Which is kind of a problem.
A lack of vision and foresight.
Dominic Cummings is a problem in this sense. He is a visionary who does not understand how unusual that is. He was given a problem to solve and he certainly did that. He thought other visionaries would take up the baton of what to do next. Instead he got all the idiots who were the original problem coming up with a solution. He is a desparately naive man whose ego and desire to win, override the wisdom of doing so, in the absence of there being new leaders ready and waiting with a plan. He seems to have been very much a loner.
The point here is something of a generation one. We need a new generation to come through with geniunely new and visionary ideas. Instead we have a number of cults coming through but no real individual leaders or people who are rather more like carbon copies of their predessors and have only done well because they mirror and copy the older generation and we have Corbyn who is of the wrong generation and is seen by many as a champion of younger generations when you really just need someone of their own generation. There isn't really anyone new inspiring who is filling the 'sane' box.
I'm just watching the 20th Century icons 'leaders' programme and its not lost on me that such leaders seem to be forged in a climate of adversity and they came on a wave of a need for new hope. Many of them have a 'foil' to bounce off too, an 'enemy' or 'force'.
Can you do that in a time of comfort?
I think we have a period of hardship or adversity of some description coming. There is no way around it. There are echoes around the world of political unrest and economic turmoil which haven't really peaked. I am not sure it will peak this year; but I do think it will be this year or next when the Great Crisis Hit.

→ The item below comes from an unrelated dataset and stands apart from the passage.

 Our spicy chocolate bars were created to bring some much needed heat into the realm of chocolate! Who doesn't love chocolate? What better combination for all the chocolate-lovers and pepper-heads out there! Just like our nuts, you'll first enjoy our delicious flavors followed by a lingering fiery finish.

I think a lot of the Leave success feeds on the some thing as the French Revolution. Its very simplistic and built on a dislike of 'the experts' or 'the middle class looking down on the workers'. Its real and I think genuine. It was often easier to encourage immigration rather than train 'difficult' people.

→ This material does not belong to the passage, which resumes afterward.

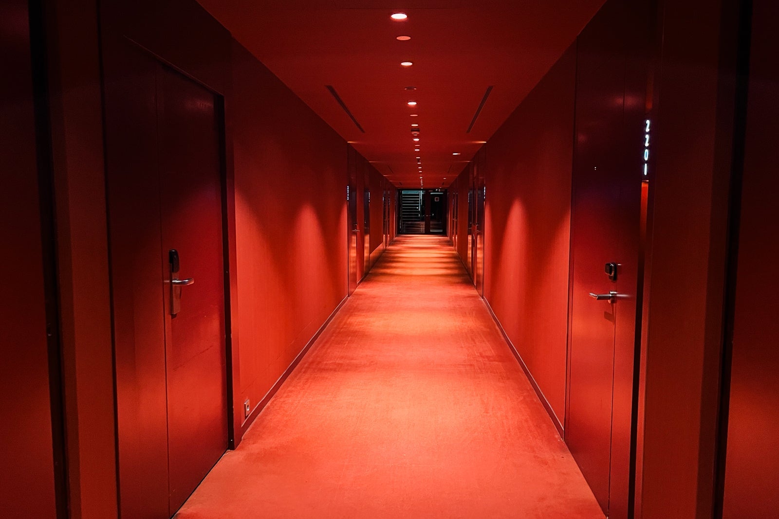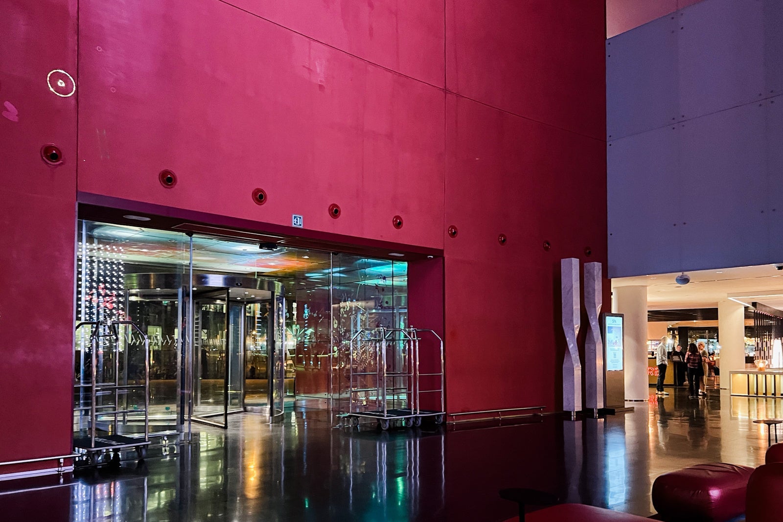 As I entered, I realized it was, first and foremost, a party hotel. From the shimmering silver tiled walls that lead your eye to the impressive glass ceiling, to the designated elevator that takes you straight to the rooftop nightclub, to the red walls and carpets lining the hallways, I felt like I had checked into a Miami-style "it" in the early aughts. Although the W Barcelona was built in 2009 and renovated in 2016, everything felt slightly dated, though not entirely worn.

DH commented yesterday about how his business has no training for junior staff, and the only way he got it was by baptism of fire in crisis and changing jobs when he faced obstruction or resistance to change. And that really isn't going to work for so many, which just leads to a complete wasting of talent of a generation. I've seen quite a bit about millenials being the 'burn out' generation, and I think thats also true. And thats a handicap to bring through new blood and new visionaries.
His current job is basically to take a sledgehammer to old ways of thinking and this is extremely difficult because of entrenched individuals who are using politics to stop him. But he is part of a team where there is a visionary, a sledgehammer to pave the way for that vision, there are doers who apply the practicalities and plan that the visionary and the sledgehammer have created. He comments on how unique it is to have that in a company.
That said, whilst he has a team, there isn't a programme to actively bring through new people and back up those trying to build something new. And that puts pressure on people and also creates 'burn out' in those who are good.
A climate of burnout limits the already small pool of good people who could lead.
I know I'm rambling a lot here as its a stream of thoughts I'm just trying to verbalise as I have them. But it does come back to this sense of having to have a period of pain. And some of us will be a 'lost generation'.